▶ TASK GOAL:
Nothing except the pictures should be left out when you reproduce the listing exactly.

▶ EXERCISE DATA:

=== Section Start ===

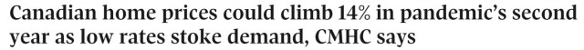 据加拿大《环球邮报》报道,联邦房屋规管机构加拿大按揭及房屋公司(CMHC)在刚刚发布的年度展望报告(Housing Marking Outlook)中预测,今年房屋销售可能达到602,300套,同比增长9%;平均价格则可能从2020年的$567,699加元涨到今年的$649,400加元,涨幅14%左右。
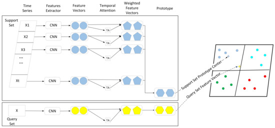 The training of the prototypical network with temporal attention comprises two parts. First, the embedding function CNN network with learnable prototype parameters maps the data stream into the embedding space , yielding the embedding vector . Next, time attention is calculated for the embedding vector, and the resulting attention weight is multiplied by the feature vector to obtain a weighted feature representation. The weighted feature representations of all the time points are summed to produce the final weighted vector z, which encapsulates the information of the entire streaming data and places greater emphasis on those time points assigned higher weights, as follows:
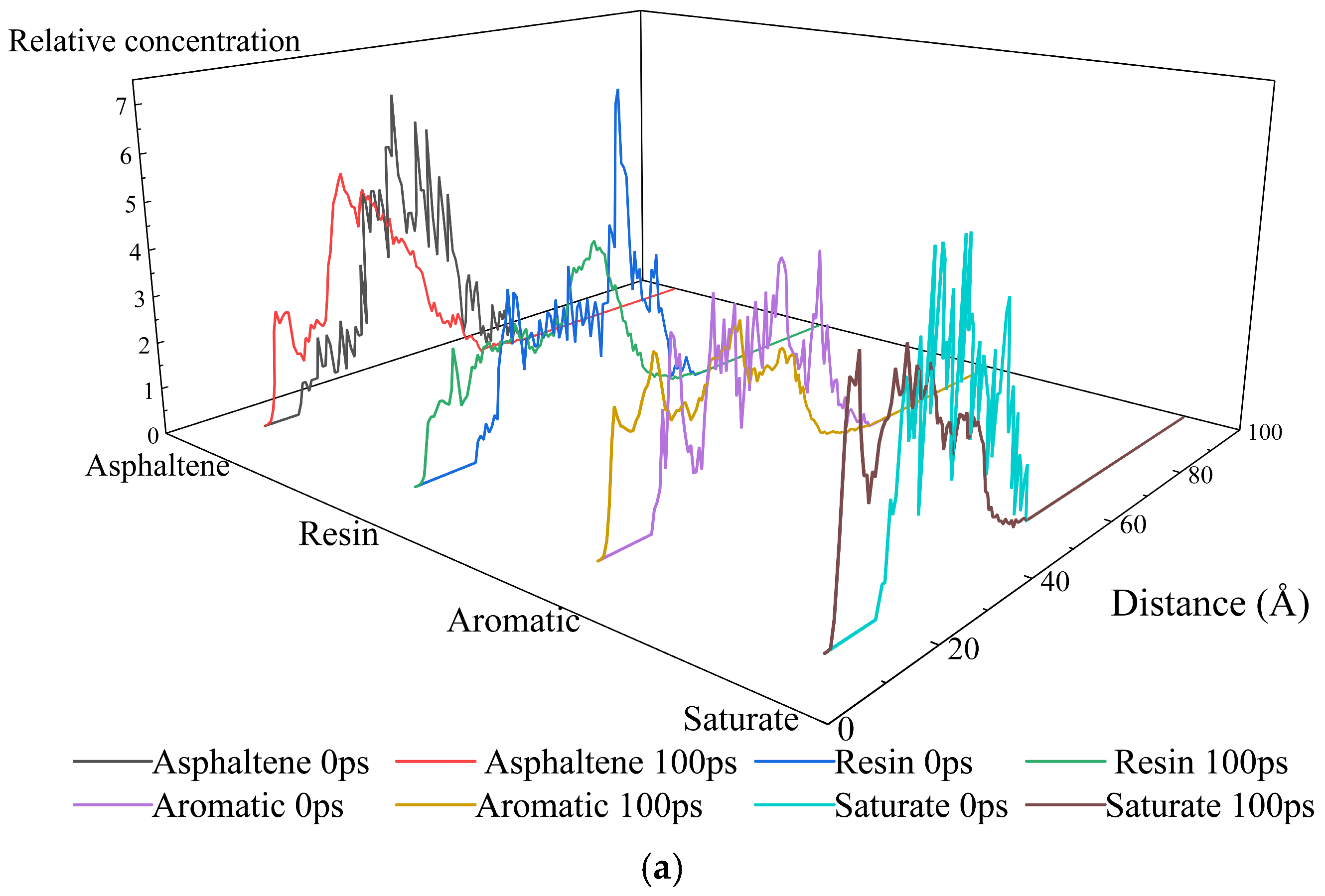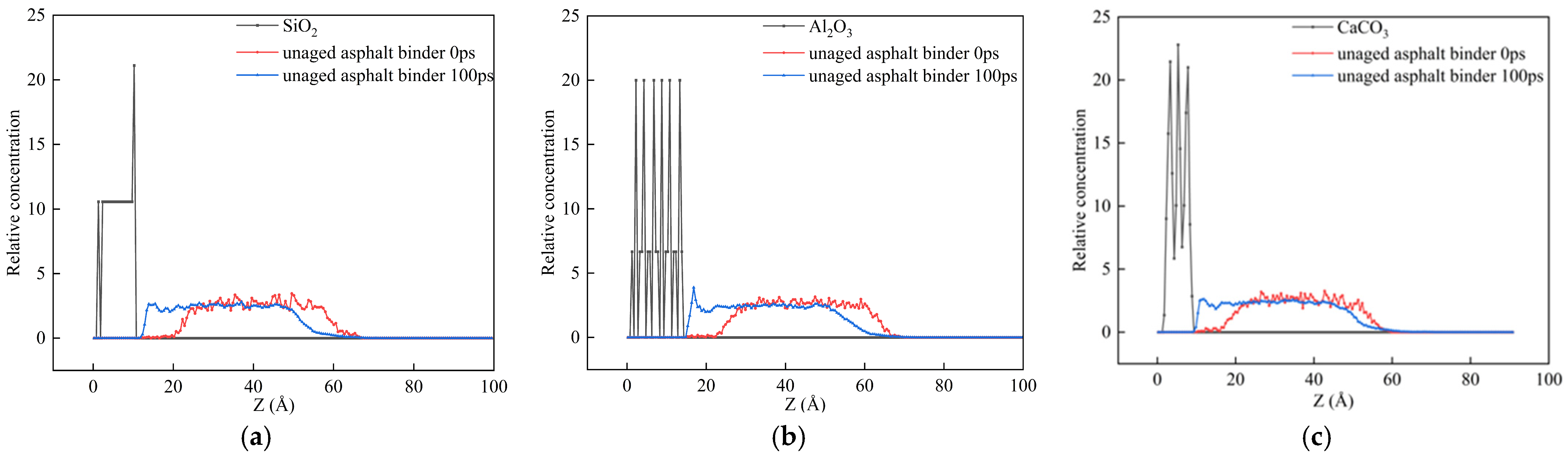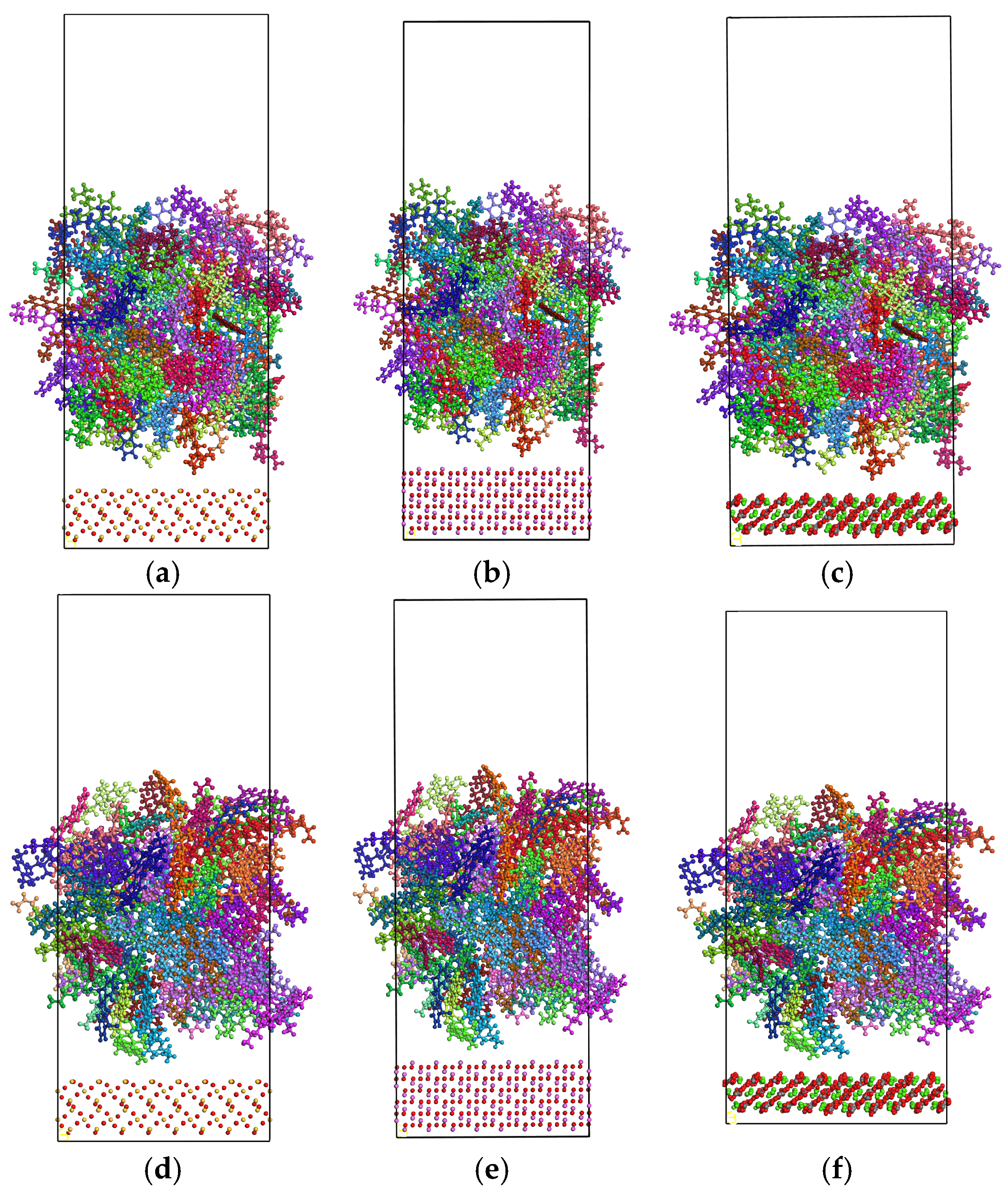 - Gao, Y.; Zhang, Y.; Yang, Y.; Zhang, J.; Gu, F. Molecular dynamics investigation of interfacial adhesion between oxidised bitumen and mineral surfaces. Appl. Surf. Sci. 2019, 479, 449–462. [Google Scholar] [CrossRef]

=== Section End ===

▶ EXERCISE SOLUTION:
 据加拿大《环球邮报》报道,联邦房屋规管机构加拿大按揭及房屋公司(CMHC)在刚刚发布的年度展望报告(Housing Marking Outlook)中预测,今年房屋销售可能达到602,300套,同比增长9%;平均价格则可能从2020年的$567,699加元涨到今年的$649,400加元,涨幅14%左右。
 The training of the prototypical network with temporal attention comprises two parts. First, the embedding function CNN network with learnable prototype parameters maps the data stream into the embedding space , yielding the embedding vector . Next, time attention is calculated for the embedding vector, and the resulting attention weight is multiplied by the feature vector to obtain a weighted feature representation. The weighted feature representations of all the time points are summed to produce the final weighted vector z, which encapsulates the information of the entire streaming data and places greater emphasis on those time points assigned higher weights, as follows:
 - Gao, Y.; Zhang, Y.; Yang, Y.; Zhang, J.; Gu, F. Molecular dynamics investigation of interfacial adhesion between oxidised bitumen and mineral surfaces. Appl. Surf. Sci. 2019, 479, 449–462. [Google Scholar] [CrossRef]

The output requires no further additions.